Unit Testing for Scientific Code: pytest Strategies for Research Projects

Reading Time: 10 minutes

Unit testing is non-negotiable for trustworthy scientific software. Unlike commercial applications, research code often lacks formal testing, leading to irreproducible results and wasted effort. This guide covers pytest strategies specifically for scientific Python projects: handling numerical precision with pytest.approx, isolating external dependencies with mocking, using fixtures and parametrization efficiently, and integrating tests into continuous integration pipelines. You’ll learn when to use black-box validation against published results and how to design tests that survive code evolution without becoming brittle.

Why Unit Testing Matters in Research Software

Scientific software exists in a challenging space. It must be flexible enough to explore new hypotheses, yet reliable enough that published results can be reproduced months or years later. Unlike commercial software with clear specifications, research code often evolves alongside experiments, with requirements changing as new discoveries emerge.

The consequences of inadequate testing in research are severe:

Irreproducible results: Different researchers get different outputs from the same code
Silent bugs: Numerical errors that seem small individually compound into significant inaccuracies
Knowledge loss: When original developers leave, tests serve as executable documentation
Wasted effort: Debugging becomes a detective hunt instead of a systematic process

Unit testing addresses these problems by validating small, isolated components of your code. Each test verifies that a specific function or class behaves as expected given defined inputs.

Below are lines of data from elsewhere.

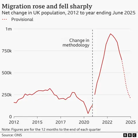 The chart below shows that net migration to the UK peaked near a million people in 2023 and has since fallen to just over 200,000 people.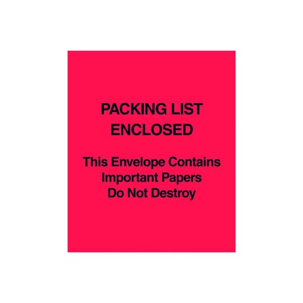 These pressure sensitive envelopes secure and protect documents that are attached to the outside of shipments. pre-printed with "packing list enclosed", "important papers" and "do not destroy" warnings hot melt adhesive backing provides strong adhesion to paper and corrugated products envelopes open along the first dimension 1000 per case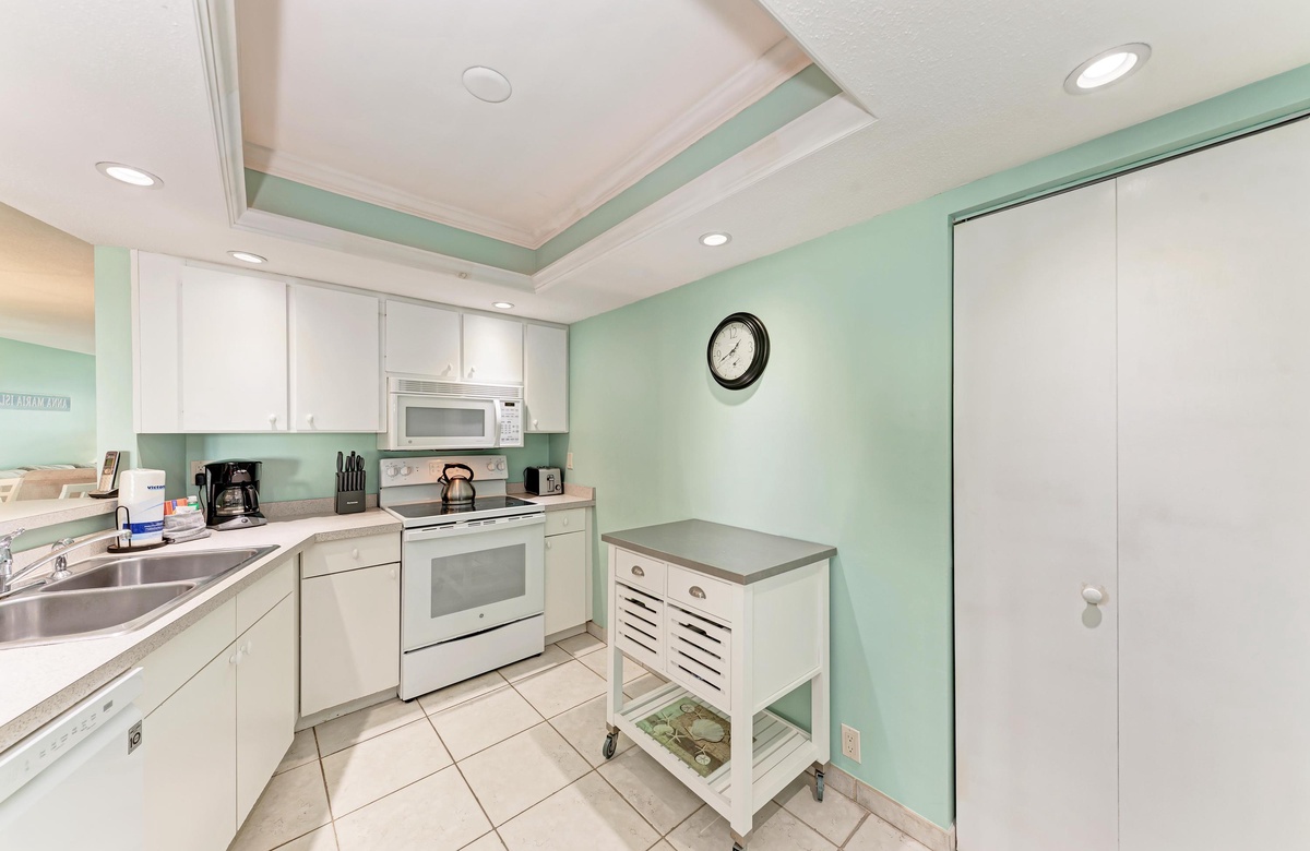 Die Küche ist mit ausreichend Platz zum Kochen für alle Ihre Gäste ausgestattet. Ein Geschirrspüler macht Ihnen das Leben leichter und der Insekten-geschützte Balkon lässt Sie ungestört das Abendessen einnehmen. Im "Gulf Place" wurde an alles gedacht. Sie finden alles, was Sie brauchen und woran Sie gewöhnt sind, inklusive einer Waschmaschine und Trockner.

When tests pass consistently across environments, you have evidence that your code produces reliable results.

But testing scientific code presents unique challenges that standard software testing approaches don’t fully address.

Unique Challenges of Testing Scientific Code

Scientific and numerical code differs from typical business applications in several ways that affect testing strategy.

Numerical Precision and Floating-Point Errors

Floating-point arithmetic is inherently imprecise. Due to how computers represent decimal numbers, 0.1 + 0.2 is not exactly 0.3 in binary floating-point representation. In scientific simulations involving thousands or millions of operations, these tiny errors accumulate.

A naive test that uses exact equality (==) will fail intermittently or on different hardware:

def test_numerical_computation():
    result = complex_simulation()  # returns 1.0000000000000002
    assert result == 1.0  # FAILS! Even though the difference is negligible

The solution is to use tolerance-based comparisons. Pytest provides pytest.approx() for this purpose:

def test_numerical_computation():
    result = complex_simulation()
    assert result == pytest.approx(1.0, rel=1e-9, abs=1e-12)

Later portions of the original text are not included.